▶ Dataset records
---

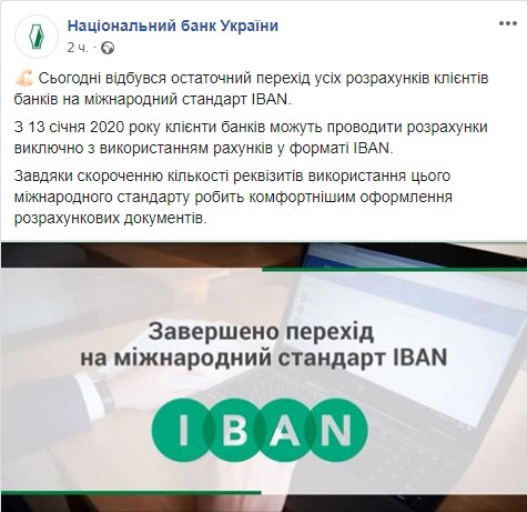 В понедельник, 13 января, завершился окончательный переход всех расчетов клиентов банков на международный стандарт IBAN. Об этом сообщает пресс-служба НБУ в Facebook.
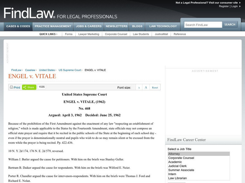 Find Law: u.s. Supreme Court: Engel v. Vitale (1962)
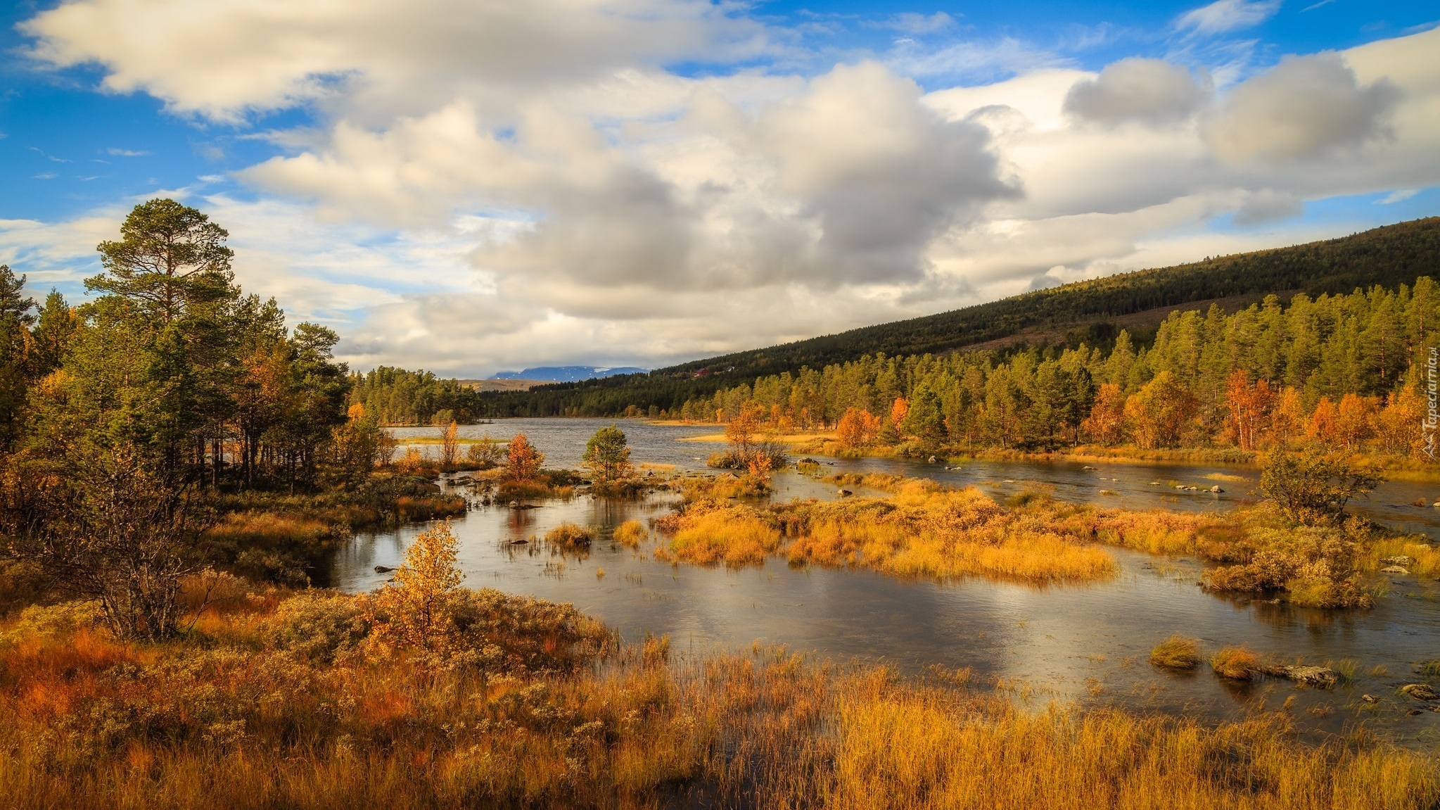 Edytor tapety: Pożółkła trawa w rzece i dookoła
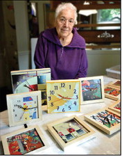 Radding, whose art is expressed through several media, makes what she calls “artful clocks” utilizing photos, paintings
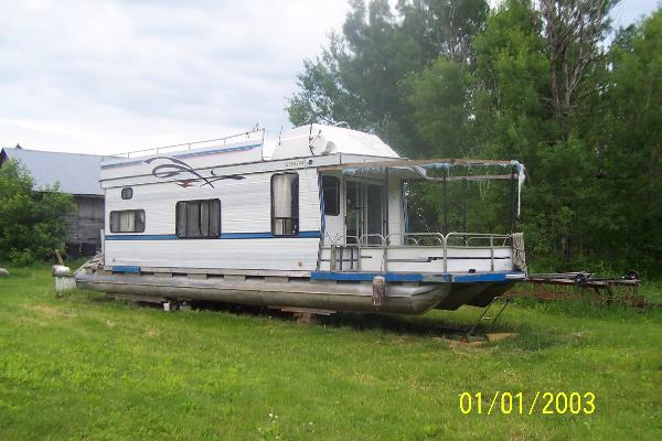 38ft by 10 ft house boat, aluminum 3 pontoon boat, on blocks from near ottawa to haliburton 4 hr drive

---

▶ Problem to solve
Beginning at the line that holds "Find Law: u.s." and ending with the last line of the entries, please set down each line exactly, leaving every picture out.

▶ Answer to this exercise
 Find Law: u.s. Supreme Court: Engel v. Vitale (1962)
 Edytor tapety: Pożółkła trawa w rzece i dookoła
 Radding, whose art is expressed through several media, makes what she calls “artful clocks” utilizing photos, paintings
 38ft by 10 ft house boat, aluminum 3 pontoon boat, on blocks from near ottawa to haliburton 4 hr drive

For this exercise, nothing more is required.